The consultation on the draft legislation for the removal of the lifetime allowance (LTA) has now closed. Industry has given its views and now we have to wait and see what changes – if any – are made to the clauses published so far. Of course, we’ve only seen part of the proposals: there will be more legislation to come dealing with transitional issues, and importantly, tax treatment of beneficiary’s pensions.
Some of the draft clauses we have seen include changes to the rules around the pension commencement lump sum (PCLS).
At the moment we all know that standard PCLS entitlement is 25% of the amount crystallised up to the available LTA. In the new rules, PCLS is tax free up to the permitted maximum, which is defined as the lowest of the “applicable amount”, the available Lump Sum Allowance (LSA) and the available Lump Sum and Death Benefit Allowance (LSDBA). In other words, whilst the LTA is being abolished, in simple terms, tax-free cash will be restricted to the same level as now, as will death benefits without tax.
In future, as the LTA is abolished drawings in excess of the LTA cannot be subject penal recovery tax, but it is anticipated that no registered pension scheme will in future permit drawings in excess of these allowances. It remains to be clarified how such ‘excess’ drawings would be treated or taxed.
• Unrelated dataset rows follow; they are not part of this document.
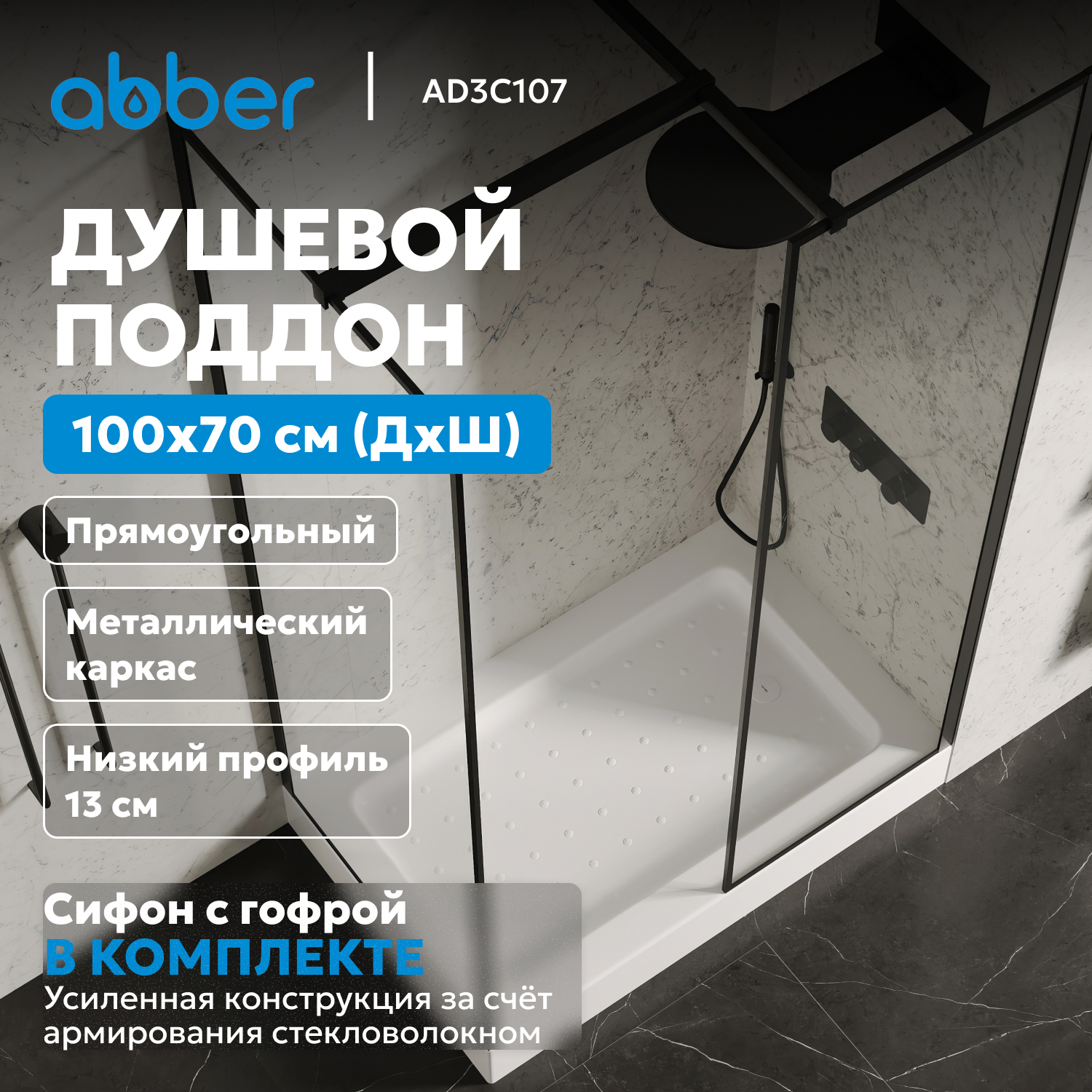 Душевые поддоны / Душевой поддон ABBER AD3C107 100х70 прямоугольный, акриловый, белый
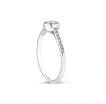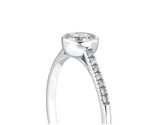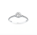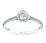 Този изящен диамантен годежен пръстен е перфектният символ на вашето вечно обвързване. С един централен диамант, внимателно и нежно поставен в кръгъл обков, пръстенът подчертава същността на чистата и искрена любов. Около централния камък се разкрива магията на халка, обсипана с малки диамантчета, които допълват блясъка и придават на пръстена още по-голямо очарование.
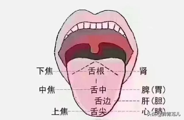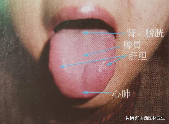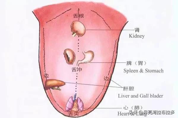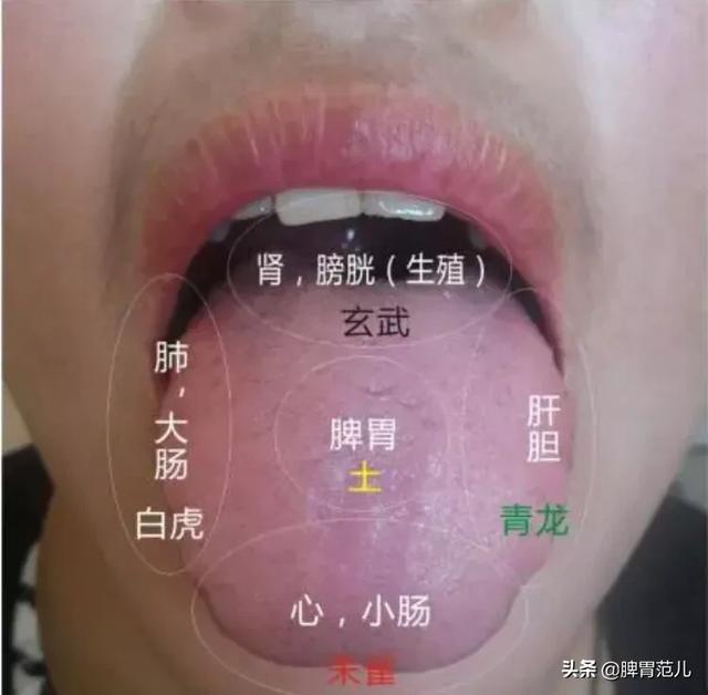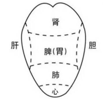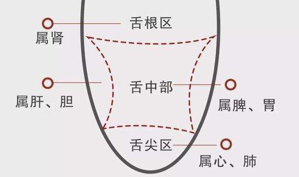 Les deux côtés de la langue correspondent au foie et à la vésicule biliaire, le bout de la langue au cœur, la partie antérieure de la langue aux poumons, le milieu de la langue à la rate et à l'estomac, et la racine de la langue aux reins. Des anomalies dans différentes zones de la langue correspondent à des anomalies dans différentes parties du corps. Par exemple, si le bout de la langue est rouge et rouge avec des épines de fauve, il y a un feu au cœur.
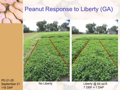 Peanut Response to Liberty (GA)<BR>PE-21-20 <BR>September 21 <BR>118 DAP<BR>No Liberty<BR>Liberty @ 64 oz/A <BR>7 DBP + 1 DAP<BR>
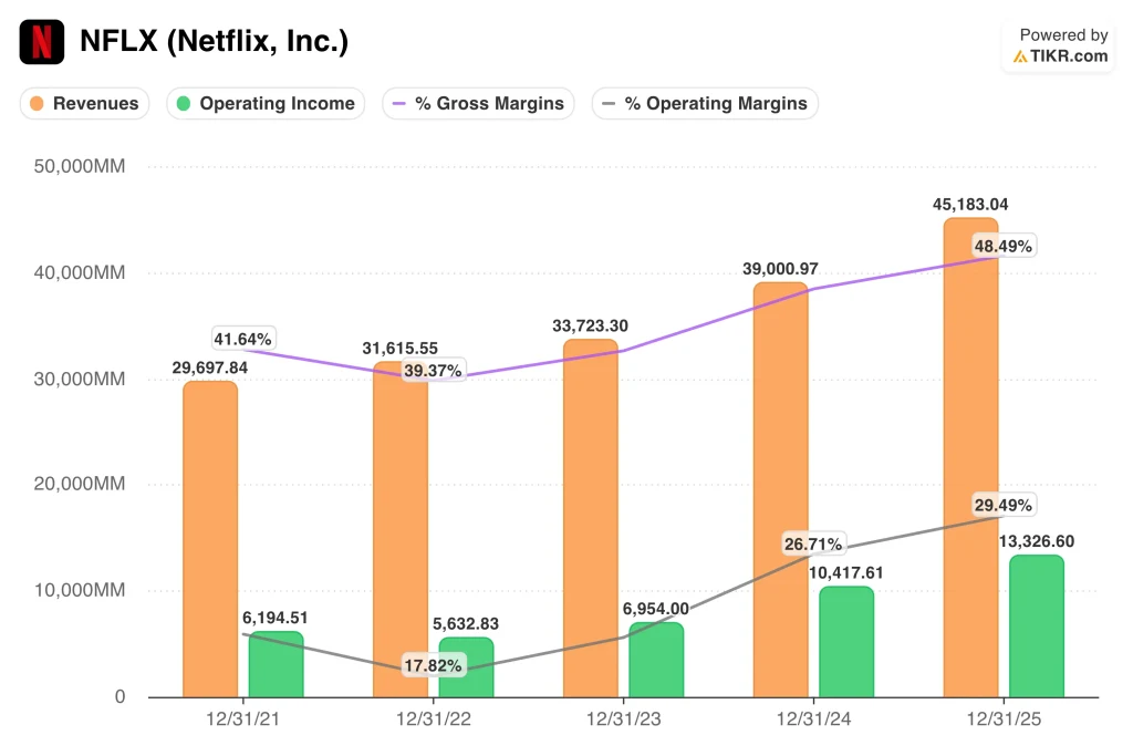 Those assumptions start from a business that is already operating at a very large scale. Revenue rose 15.9% to $45.2 billion in 2025, while operating income increased 27.9% to $13.3 billion. Gross margin also expanded to 48.5%, and operating margin reached 29.5%. That means Netflix is growing revenue and profit at the same time, which supports a premium multiple.
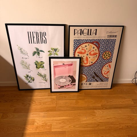 Tre vita träramar med bilder av blommor
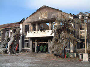 圖文:呼和浩特賓館大火 副市長等五人被燒死 2001年12月20日 10:10 ![]() 圖為火災(zāi)后的呼和浩特賓館現(xiàn)場(chǎng) 中央電臺(tái)圖片 ![]() 消防車輛現(xiàn)場(chǎng)救火 新華網(wǎng)圖 中新網(wǎng)呼和浩特12月20日消息:19日晚23時(shí)30分左右,內(nèi)蒙古自治區(qū)政府呼和浩特賓館發(fā)生一起重大火災(zāi)。 據(jù)新華社報(bào)道,在火災(zāi)中,呼和浩特市委常委、副市長林選才,北京瑪拉沁飯店副經(jīng)理史子義,呼和浩特市接待辦副主任王安明3人不幸燒死,另有17人燒傷,2人失蹤。 呼市消防支隊(duì)政委張學(xué)榮介紹,火災(zāi)由賓館北樓一樓舞廳燒起,現(xiàn)總共二層的北樓已全部坍塌。 事故發(fā)生后,內(nèi)蒙古自治區(qū)副主席王鳳歧即趕赴現(xiàn)場(chǎng)指揮救火工作,出動(dòng)了180多人的消防隊(duì)伍。今日凌晨4時(shí)左右大火基本撲滅。 事故原因正在進(jìn)一步調(diào)查之中。(王占義吳獻(xiàn)) 呼和浩特火災(zāi)最新消息:3人燒死還有2人失蹤 中新網(wǎng)呼和浩特12月20日消息:19日晚23時(shí)30分左右,內(nèi)蒙古自治區(qū)政府呼和浩特賓館發(fā)生一起重大火災(zāi),新華社最新的消息說,除呼和浩特市委常委、副市長林選才,北京瑪拉沁飯店副經(jīng)理史子義,呼和浩特市接待辦副主任王安明3人被燒死外,另有17人燒傷,2人失蹤。 呼和浩特賓館北樓始建于1953年,次年投入使用。這座俄式建筑為兩層磚木結(jié)構(gòu),是集餐飲、住宿、娛樂為一體的綜合性公共場(chǎng)所。樓的東西跨度為140米,南北寬60米,建筑面積6000平方米,其中過火面積3000平方米。一樓有客房28間,二樓有35間,一樓的東北角為600平方米的皇都歌舞廳,大火就是由這里燒起的。 事故發(fā)生后,內(nèi)蒙古自治區(qū)副主席王鳳岐即趕赴現(xiàn)場(chǎng)指揮救火工作,出動(dòng)了180多人的消防隊(duì)伍。今日凌晨4時(shí)左右大火基本撲滅。 殘?jiān)珨啾诰跋笃鄳K呼和浩特賓館火災(zāi)現(xiàn)場(chǎng)目擊 中新網(wǎng)北京12月20日消息:呼和浩特賓館12月19日午夜時(shí)分發(fā)生的重大火災(zāi),造成3人死亡17人燒傷,另外尚有幾人下落不明。20日凌晨,新華社記者聞?dòng)嵹s往火災(zāi)現(xiàn)場(chǎng)。記者現(xiàn)場(chǎng)看到,殘?jiān)珨啾诰跋笃鄳K。 呼和浩特賓館地處市中心地帶的迎賓北路西側(cè)。昨天一日一夜大雪過后,通往賓館幾百米的路上成了冰河。記者只好沿路邊踏深雪前行。迎賓路口有警察把守,車輛禁止進(jìn)入。還沒進(jìn)入賓館大院,遠(yuǎn)遠(yuǎn)地就聽見消防車刺耳的聲音。在賓館大門口,映入眼簾的是地上飄零的彩帶、彩旗、紅燈籠。這些迎接圣誕、元旦節(jié)日的喜慶標(biāo)志在此刻顯得異常刺眼。一看就知道這兒剛剛發(fā)生過災(zāi)難。 兩位眼角流淚的婦女互相攙扶著向大門口走來,記者詢問得知他們是賓館的工作人員。其中的一位抹著眼睛簡短地告訴記者,火災(zāi)大約是在1 9日晚11點(diǎn)20分從舞廳燒起的。 院子里停滿了消防車輛。賓館北樓大半個(gè)已成一個(gè)空架,樓頂被大火燒塌,樓的廢墟里冒出陣陣濃煙。這是一座建于20世紀(jì)50年代的兩層磚木結(jié)構(gòu)俄式建筑,記者昨天上午剛在這座樓的二樓會(huì)議室開過自治區(qū)整頓市場(chǎng)秩序的一個(gè)會(huì)議,誰也不會(huì)想到現(xiàn)在這里全成了廢墟。 呼市消防支隊(duì)政委張學(xué)榮站在廢墟前告訴記者,接到報(bào)警后,消防部門共出動(dòng)了36輛消防車、258人的撲火隊(duì)伍,到凌晨4時(shí)30分已將大火基本撲滅。他說樓的后面有兩個(gè)氟立昂儲(chǔ)罐,要是大火蔓延過去后果不堪設(shè)想。 在記者與張政委交談時(shí),過來幾位客人說,他們的一位朋友下落不明。其中的一位告訴記者,他們來自烏蘭察布盟的集寧市,是來自治區(qū)開經(jīng)濟(jì)工作會(huì)的。他們的同伴集寧市計(jì)委主任就住在北樓二樓。昨天晚上,當(dāng)住在西樓的他們幾個(gè)聞知北樓著火時(shí),便立即跑過去救人。他們找來一個(gè)梯子,攀上去砸開同伴住的房間的窗戶,不料里面竄出濃煙,他們只好迅速撤離,同伴的下落至今不明,他們臉上布滿焦急的神情,請(qǐng)求消防隊(duì)員再到里面找一找。 記者看幾名消防隊(duì)員走進(jìn)樓內(nèi)尋人,忙緊跟而入,但進(jìn)入門口時(shí)被張政委大聲叫。骸澳悴灰^去,這大樓都燒酥了,我們都不敢進(jìn)去!庇浾咧缓猛嘶亍_^了一會(huì),尋人的消防隊(duì)員走出來無奈地說:“一樓還能看清楚,但二樓里面全是灰燼,啥也看不出來! 上午7時(shí)許,內(nèi)蒙古自治區(qū)主席烏云其木格、區(qū)委副書記楊利民、秘書長任亞平、呼和浩特市委書記楊晶、自治區(qū)副主席王鳳岐、牛玉儒等先后趕往火災(zāi)現(xiàn)場(chǎng),并迅速成立了以王鳳岐為組長的火災(zāi)事故調(diào)查小組。火災(zāi)的原因正在調(diào)查之中。(吳獻(xiàn)錢詠虹)(完) 呼和浩特火災(zāi)現(xiàn)場(chǎng)又發(fā)現(xiàn)2死者死亡人數(shù)增至5名 中新網(wǎng)呼和浩特12月20日消息:呼和浩特賓館火災(zāi)現(xiàn)場(chǎng)又清理出2名遇難死者。到今天下午3點(diǎn),火災(zāi)死亡人數(shù)增加至5人。 新華社記者在火災(zāi)現(xiàn)場(chǎng)看到,內(nèi)蒙古自治區(qū)和呼市兩級(jí)公安、消防和有關(guān)部門的救助人員正在清
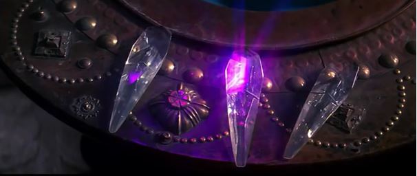 There’s a fade and accompanying music cue to show the passage of time, but the action doesn’t leave Aughra’s orrery. It’s just later now. How much later is left ambiguous. Aughra hangs out in the back of the room, peering around the giant machine. It almost looks as if she’s staring right at the camera. No, she’s watching Jen from a distance. Jen, with his back to her, looks at three of the crystal shards he picked out from the ones Aughra gave him. In voiceover, he says he knows it’s one of these three, but he’s not sure which one. Aughra tells him to hurry, and he frets over how to choose. He has a flashback to the Mystics doing their deep-voiced chant, and he pulls out his flute. He plays a note that sort-of matches the chant, and the middle of the three shards glows with a purple light in response. Jen stops playing, but the shard continues the note, in something of a high-pitched chime. That’s how we know this is the shard Jen’s been searching for.

In reality for SIPP customers, since 2015 they’ve had the option of taking lump sums above the level of PCLS in the form of drawdown income with the only consequence being income tax payable (within the LTA).
However, defined benefit (DB) pension schemes are likely to see a significant change. If there is no pension income being taken, then the permitted maximum tax-free PCLS will be zero under the new regime – but importantly PCLS could still be paid out under the new rules. Effectively you could withdraw the whole DB scheme as a PCLS payment, albeit subject to income tax. This is subject to further clarification and confirmation as the new rules are finalised.
There are scenarios where this may be attractive – for example if the LSA has already been used up in other schemes so no more tax-free cash is available anyway. For a client with a small DB scheme and plenty of drawdown elsewhere, taking the DB pot as a one-off taxable lump sum could be seen as a tidying up exercise.
Some with small DB schemes just over the advice threshold (£30,000) may want to access their pension pot but are unwilling to pay the advice cost. They may be prepared to pay income tax to get the whole lot out, rather than have a minimal scheme pension paid for years.
Whether this was intended or not, it would be a significant change in policy and potentially damaging to some of the safeguards put in place for those with DB schemes. Only time will tell if this small part of the draft rules remains unchanged come April 2024.
In conclusion, the abolition of the pension LTA has been warmly welcomed by many pension holders, however, in practice the new proposed rules appear to retain many of its features and limitations, as well as potentially introducing new complexity and some planning opportunities. We will be pleased to help clients navigate the new pensions landscape once the rules have been finalised.